Snakemake's rerun functionality is based on its ability to track dependencies and determine which parts of the workflow need to be re-executed. This is achieved through the following principles:
- File Timestamps: Snakemake compares the timestamps of input and output files. If an input file is newer than its corresponding output file, the rule is marked for rerun.
- Content-Based Hashing: Snakemake can use content-based hashing (e.g., MD5 checksums) to detect changes in input files, ensuring that even minor modifications trigger a rerun.
- Rule Dependencies: If a rule depends on the output of another rule, and the upstream rule is rerun, all downstream rules are also marked for rerun.
- Conditional Execution: Snakemake allows analysts to define conditions under which rules should be rerun, such as changes in configuration parameters or external data sources.
How to rerun?
Obviously, the rerun function of SAW count benefits from the natural advantages of the Snakemake computing framework.
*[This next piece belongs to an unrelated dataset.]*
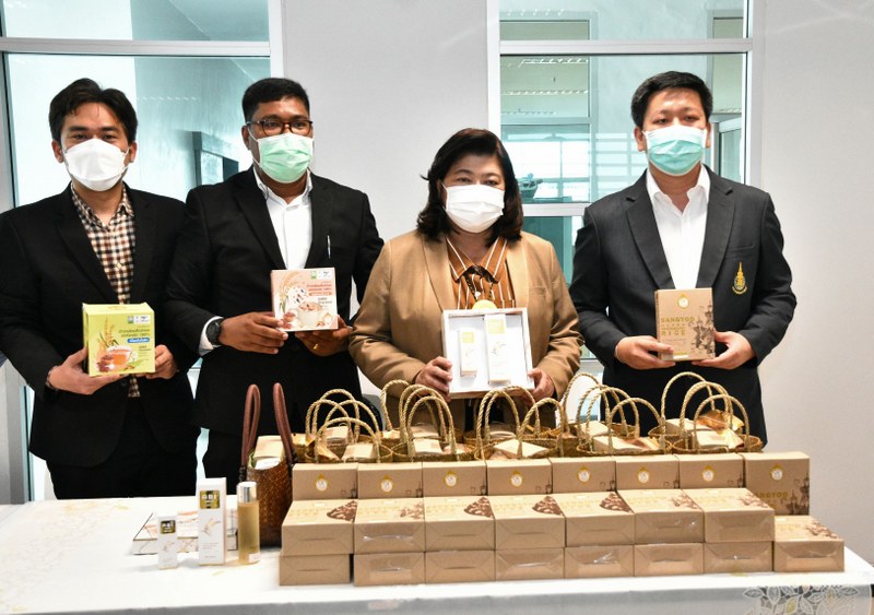 ข้าวกล้องสังข์หยดอินทรีย์ โดยการนำองค์ความรู้ ผลงานวิจัยและนวัตกรรม สู่กระบวนการผลิตที่ผ่านมาตรฐานอินทรีย์และ GI ในรูปแบบของ เครื่องดื่มฟังก์ชันนอลชนิดผงสำเร็จรูปจากสารสกัดข้าวกล้องสังข์หยดอินทรีย์สำหรับผู้สูงวัย และวัยทำงาน และพัฒนาเป็นเครื่องดื่มฟังก์ชันนอล 2 สูตร คือ “สูตรเสริมถั่ว5 สี” มีส่วนช่วยในการบำรุงร่างกาย มีสารต้านอนุมูลอิสระ และโปรตีนสูงเสริมสร้างความแข็งแรงให้แก่กล้ามเนื้อหัวใจ และ “สูตรเสริมโพรไบโอติก” ที่มีส่วนช่วยในการขับถ่ายที่ปลอดภัยเหมาะกับกลุ่มผู้สูงอายุและวัยทำงานผลผลิตจากโครงการการพัฒนาผลิตภัณฑ์เครื่องดื่มฟังก์ชัน จากข้าวกล้องสังข์หยดอินทรีย์หักท่อน “เพื่อสุขภาพ” ด้วยองค์ประกอบทางเคมีของข้าวสังข์หยดพัทลุง ที่มีคุณค่าทางโภชนาการที่สูงมากเมื่อเทียบกับข้าวทั่วไป อุดมไปด้วยสารต้านอนุมูลอิสระที่มีกลไกที่ช่วยป้องกันและยับยั้งการเกิดโรคจากความเสื่อมของเซลล์ ช่วยชะลอความชราและลดความเสี่ยงในการเป็นโรคต่างๆ ที่มักพบในผู้สูงวัย สาร Gamma Amino Butyric Acid (GABA) ช่วยบำรุงระบบประสาทและสมอง ช่วยลดโอกาสในการเป็นมะเร็งได้เป็นอย่างดี มี ธาตุเหล็ก ธาตุฟอสฟอรัสสูง ซึ่งมีประโยชน์ในการบำรุงโลหิต บำรุงร่างกายให้แข็งแรง ช่วยเสริมสร้างส่วนที่สึกหรอ เสริมความแข็งแรงของกระดูกและฟัน และปริมาณไนอาซินที่สูงมาก ช่วยในการป้องกันสภาวะการผิดปกติทางระบบประสาทและความจำเสื่อม

When running analysis tasks, you may encounter the following situations:
- The analysis task is interrupted due to insufficient computing resources in the computing environment or the sudden shutdown of server machines.
- You accidentally kill the analysis task.
If the input parameters for the second run are identical to those of the first run, which can be verified by comparing them with the recorded information in /pipeline-logs/config.yaml, the analysis will resume.